Double Ended Queue Deque in DSA Python - Time & Space Complexity
We want to understand how fast operations on a double ended queue (deque) run as the number of items grows.
Specifically, how does adding or removing items from either end affect the time it takes?
Analyze the time complexity of the following deque operations.
class Deque:
def __init__(self):
self.items = []
def add_front(self, item):
self.items.insert(0, item)
def add_rear(self, item):
self.items.append(item)
def remove_front(self):
return self.items.pop(0)
def remove_rear(self):
return self.items.pop()
This code shows basic add and remove operations at both ends of a deque using a Python list.
Look at the operations that repeat when we add or remove items.
- Primary operation: Inserting or removing at the front uses list insert(0, item) or pop(0).
- How many times: Each add or remove at front shifts all other elements, so it repeats work proportional to the number of items.
- Adding or removing at the rear uses append() or pop() which work directly at the end without shifting.

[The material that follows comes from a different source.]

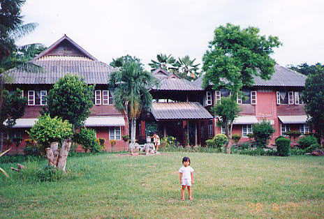 HOME>Thailand>タイ、最北の町へ>メコックビラ2 No,2/14 正面の裏にまた建物がある。 タイの古い建築様式で建てられた建物。 中庭もとても広く子供達が走り回るのにちょうど良い。 BACK TOP NEXT e-mail はのまん@沈没旅行者

Adding or removing at the rear stays fast no matter how many items there are.
But adding or removing at the front takes longer as the list grows because all items must move.
| Input Size (n) | Approx. Operations for front insert/pop | Approx. Operations for rear append/pop |
|---|---|---|
| 10 | 10 shifts | 1 operation |
| 100 | 100 shifts | 1 operation |
| 1000 | 1000 shifts | 1 operation |
Pattern observation: Front operations grow linearly with n, rear operations stay constant.
Time Complexity: O(n) for front insert/remove, O(1) for rear insert/remove
This means adding or removing at the front takes longer as the deque grows, but rear operations stay fast.
[X] Wrong: "All deque operations are always fast and take the same time."
[OK] Correct: Using a list, front operations shift all items, so they take longer as size grows, unlike rear operations.
Understanding how different deque operations scale helps you choose the right data structure and explain your choices clearly in interviews.
"What if we used a linked list instead of a Python list? How would the time complexity of front insert and remove change?"